483 SCRA 222 (February 27, 2006)

FACTS:
On October 16, 1982 in the afternoon, respondent Noe Bernardo was going home to
Dumaguete from Cebu. He boarded a Ford Fiera jeepney driven by Quinquillera and owned
by Bandoquillo. He was seated on the extension seat at the center of the Fiera. From San
Jose, an old woman wanted to ride so Noe offered his seat and hung/stood on the left rear
carrier of the vehicle. The Fiera slowed down and stopped to pick up more passengers.
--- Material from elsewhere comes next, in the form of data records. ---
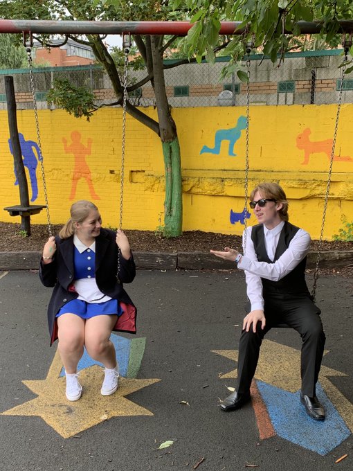 The Doctor and Clara having a chat. Love this photo of me and @ellegosborne #DoctorWho #cosplay #comiccon #besties #12thdoctor #clara
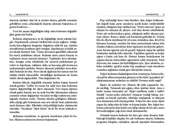 Kişiye ait nedenler var. Hemen ilk yafta yapıştırılır. İrade zayıflığı. Tutamadı işte ağzını, elini, iştahını denir. Ama o kadar zaman tutmuştur ya!. Kişiyi zayıflatan nedir o halde? Sürekli“ acemi araba sürücüsü” olmanın verdiği bıkma, yorgunluk en büyük suçludur. Mutlaka ustalaşmak ve bilinçsiz usta durumuna terfi etmek gerekir. Yoksa bir süre sonra diyeti yapan da, takip eden de bıkar ve kopma başlar. Ben doğru beslenme çabasında olan kadar onu takip edenin de bir süre sonra hevessizleştiğine çoğu kere tanık olmuşumdur.
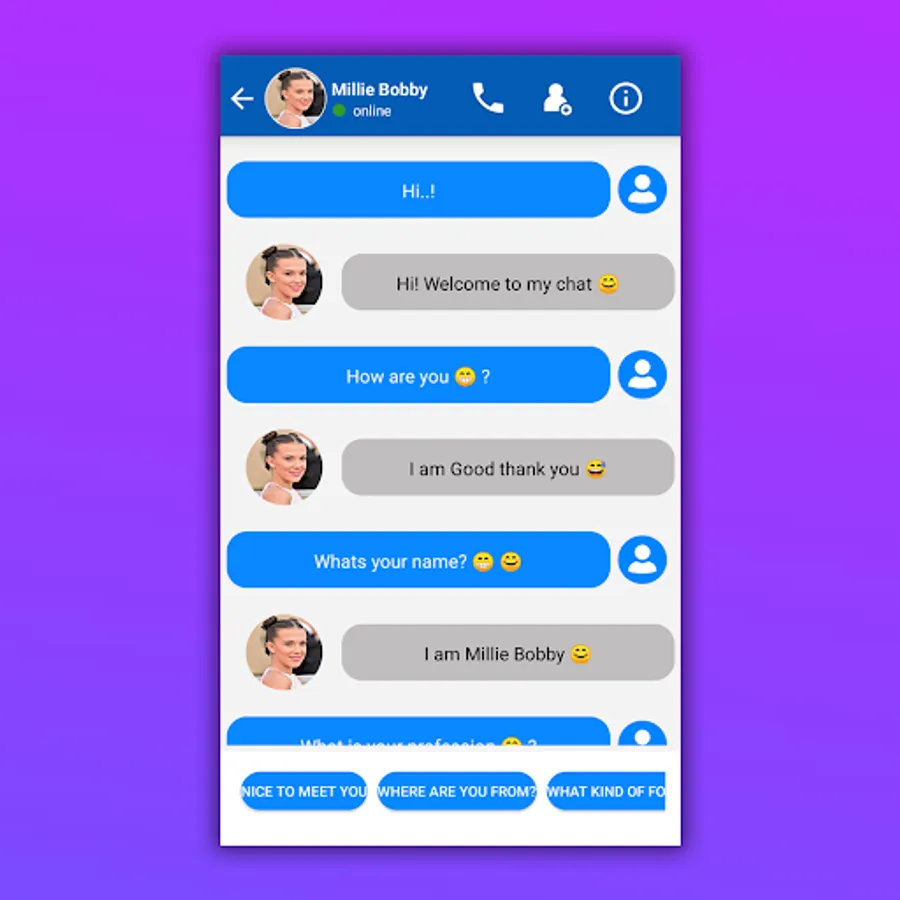 Millie Bobby Brown call video is a simple application is very profissionel application to make call video with your hero Millie Bobby Brown call prank and fake video call and Chat with a simple live chat, Enjoy calling Millie Bobby Brown chat in an easy way, feel free and download this Millie Bobby Brown video call for have fun with friend.
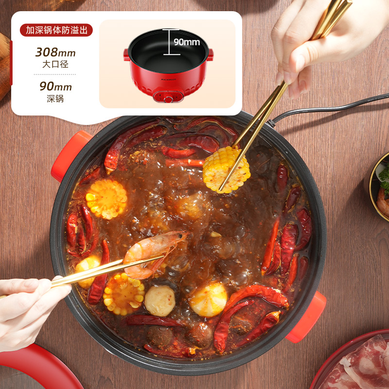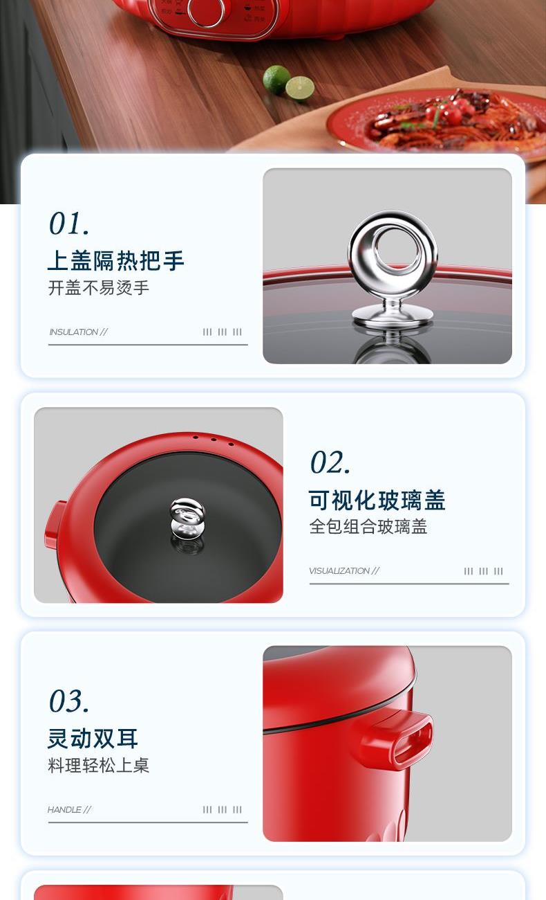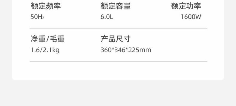 额定功率:1600W 额定容量:6.0L 额定电压:220V~ 额定频率:50Hz 产品净重:1.48kg 产品毛重:1.70kg 整箱重量:15.1kg 装 箱 数:8台/箱 一锅多用&火力调节煎/煮/涮/焖/炖一锅多用,两档火力调节,满足不同烹饪; 超大容量6L大容量锅胆,大口径和锅体足够深,适合聚餐用; 大功率1600W大功率,快速沸腾,开涮更尽兴; 不粘锅胆&组合盖可煎/可煮不粘锅胆,易清洗;全包组合玻璃盖。
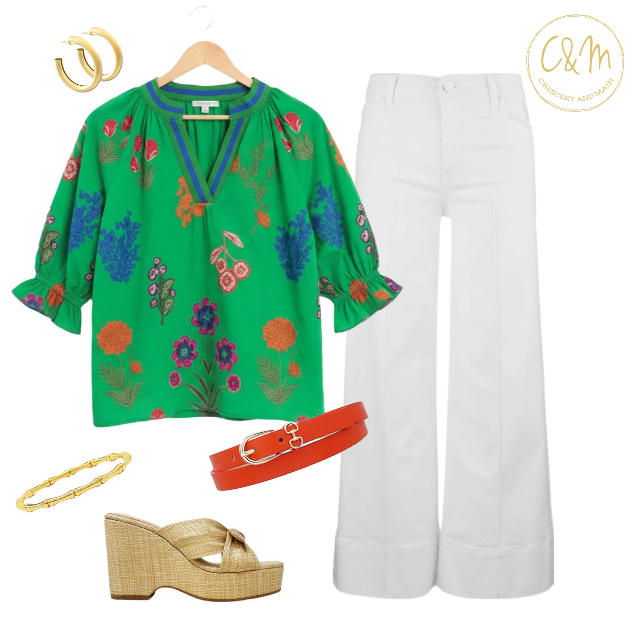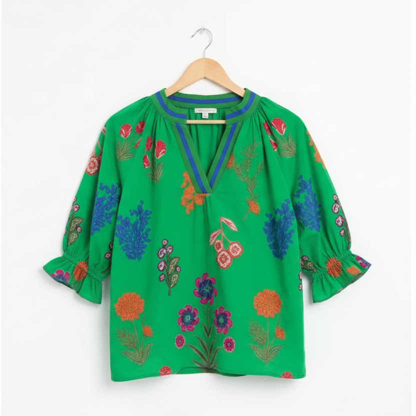 The Katelyn is a multi-floral print v-neck open collar top with contrast binding in Green.
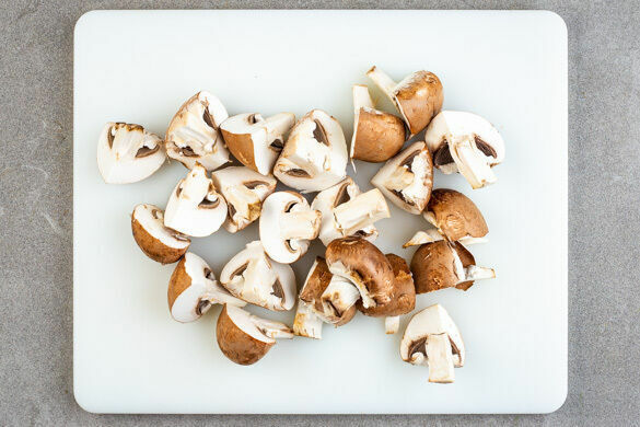 In einem großen Topf ausreichend gesalzenes Wasser für ¾ der Nudeln zum Kochen bringen. Die Pilze ggf. säubern und je nach Größe halbieren oder vierteln.
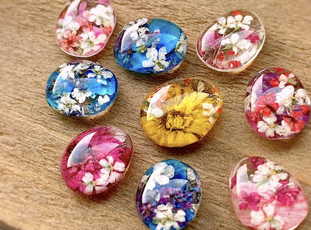 『お花の石』水晶にお花が閉じ込められた様なオリジナルパーツ作り♪
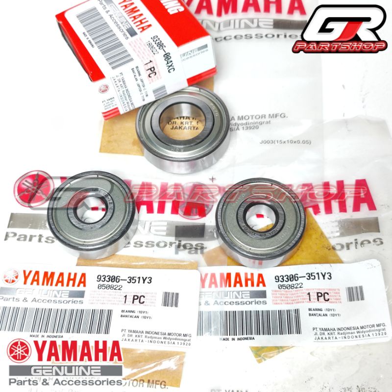 bearing roda belakang set f1zr, crypton, force one, vega old/new, jupiter original resmi YGP harga untuk 1 set (3 pcs) paket part terdiri dari: -bearing roda belakang kanan -bearing roda belakang kiri -bearing napgir kondisi barang 100% baru dan original Yamaha
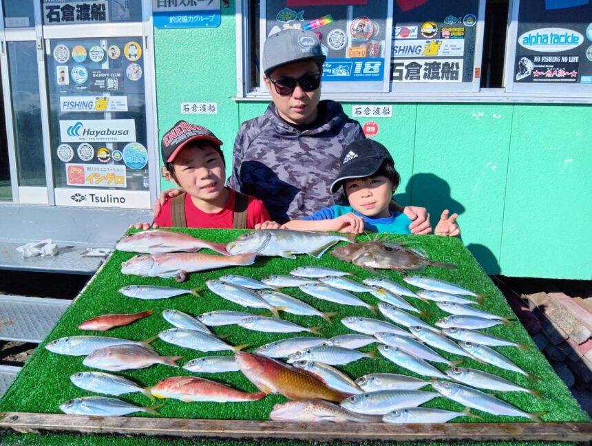 船外機ボートで林さんがマダイ、アジ、シロアマダイ、シマアジ、マトウダイをゲット。
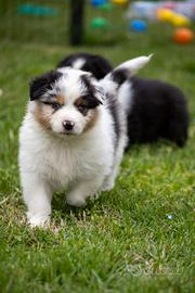 Disponibili 8 cuccuoli di Pastore Australiano Blue merle Black tricolor Genitori con lastre e test genetici ufficiali Verrano ceduti dopo i 2 mesi e mezzo con microchip, vaccini e pedigree
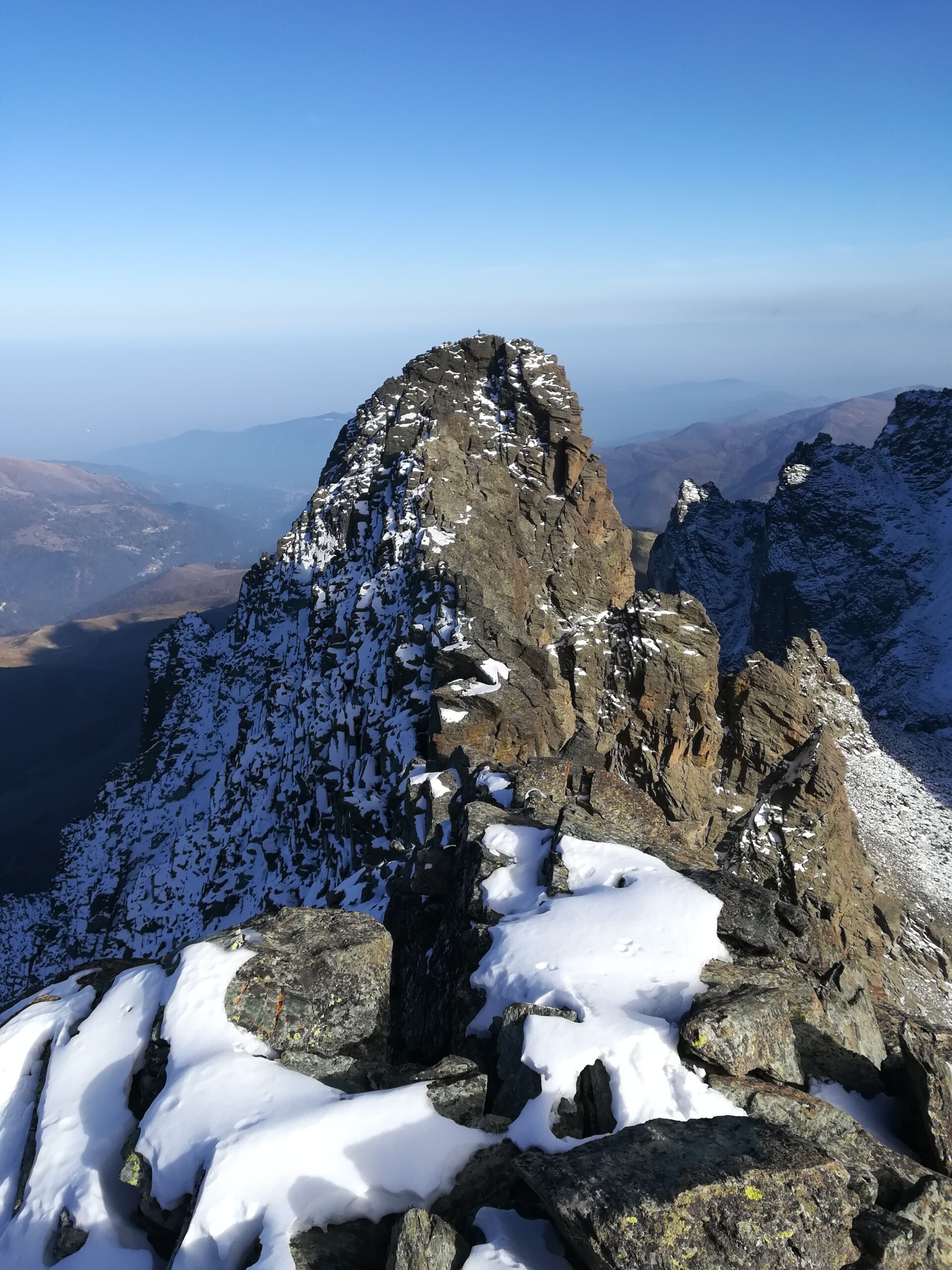 Bella salita in una giornata di meteo perfetto, poco prima di arrivare in vetta al Picco Montaldo si inizia a trovare la neve
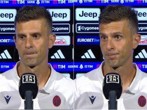 La protesta di Thiago Motta per il rigore negato al Bologna: resta in silenzio durante l’intervista
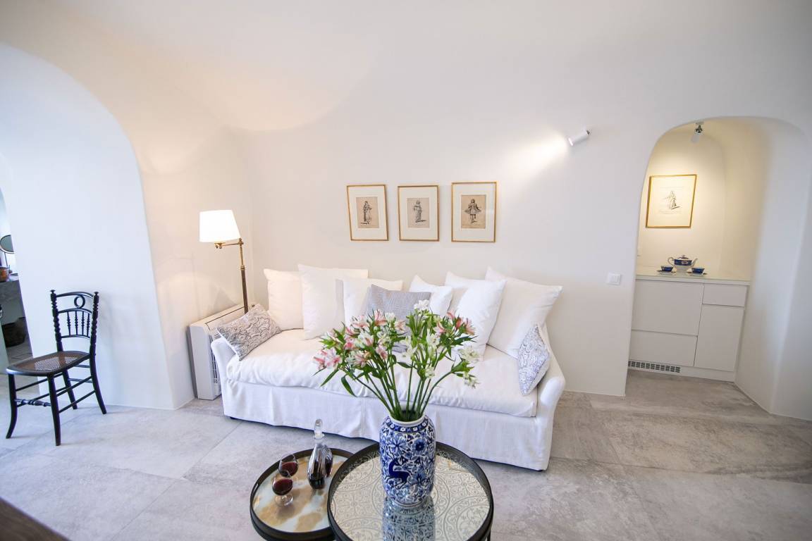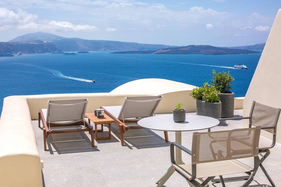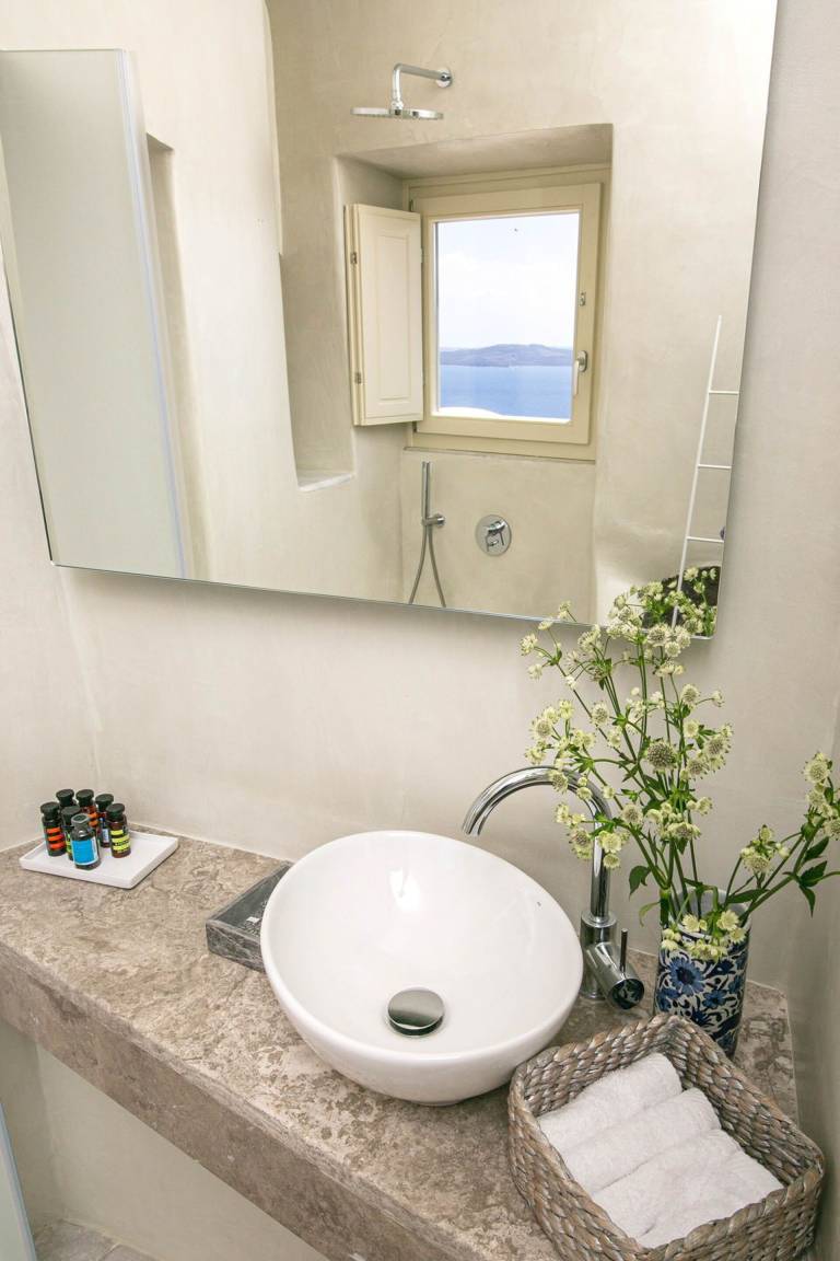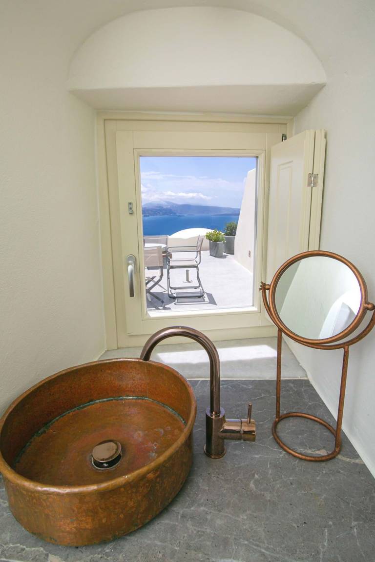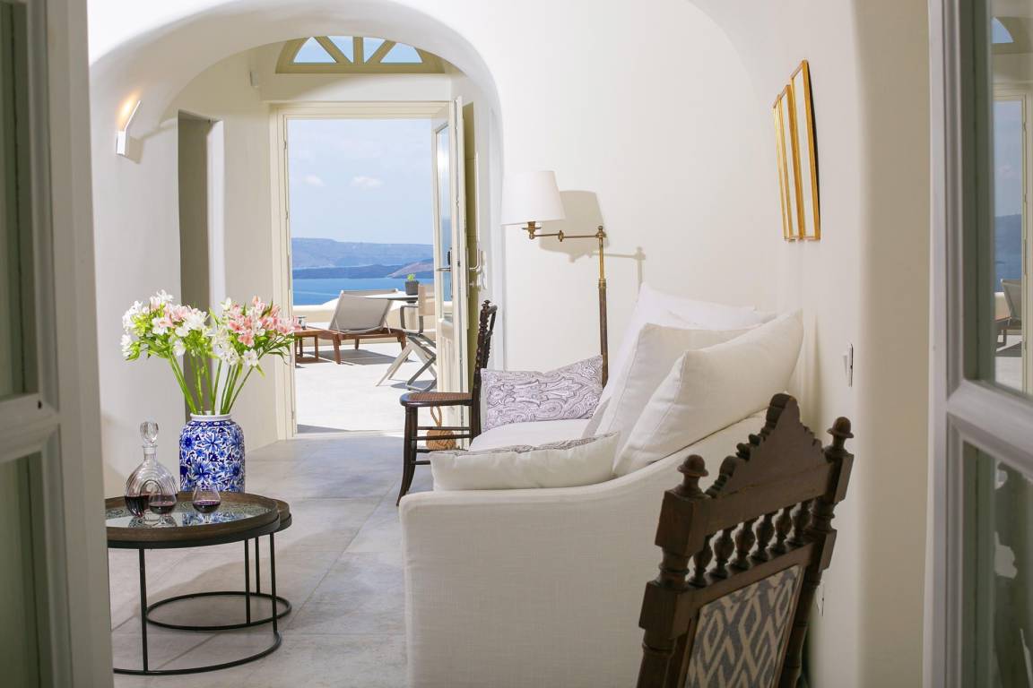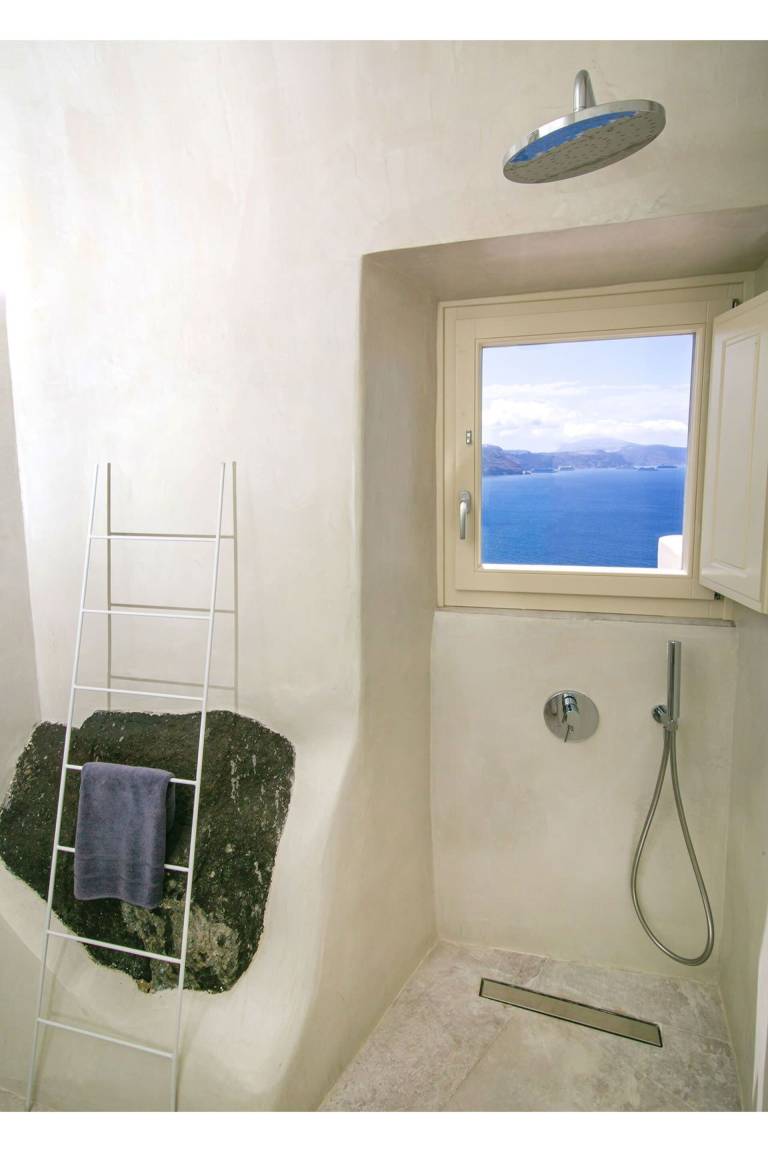 Die Volcano Suite umfasst 1 Schlafzimmer und 1 Bad mit Jacuzzi-Badewanne und bietet Platz für maximal 2 Gäste. Das Schlafzimmer ist mit einer raffinierten und intimen Atmosphäre gestaltet. Die Suite liegt innerhalb eines exklusiven Komplexes mit 8 Suiten und bietet ungestörte Ausblicke auf die Caldera von Santorini und die Vulkanlandschaft.

Suddenly, an Isuzu cargo truck owned by the petitioner Larry Estacion and driven by
Gerosano, which was travelling in the same direction, hit the rear portion of the jeepney.
The Fiera crushed Bernardos legs and feet, and he was brought to Silliman University
Medical Center where his lower left leg was amputated. Police report showed that there
were 10 more who were injured by the accident.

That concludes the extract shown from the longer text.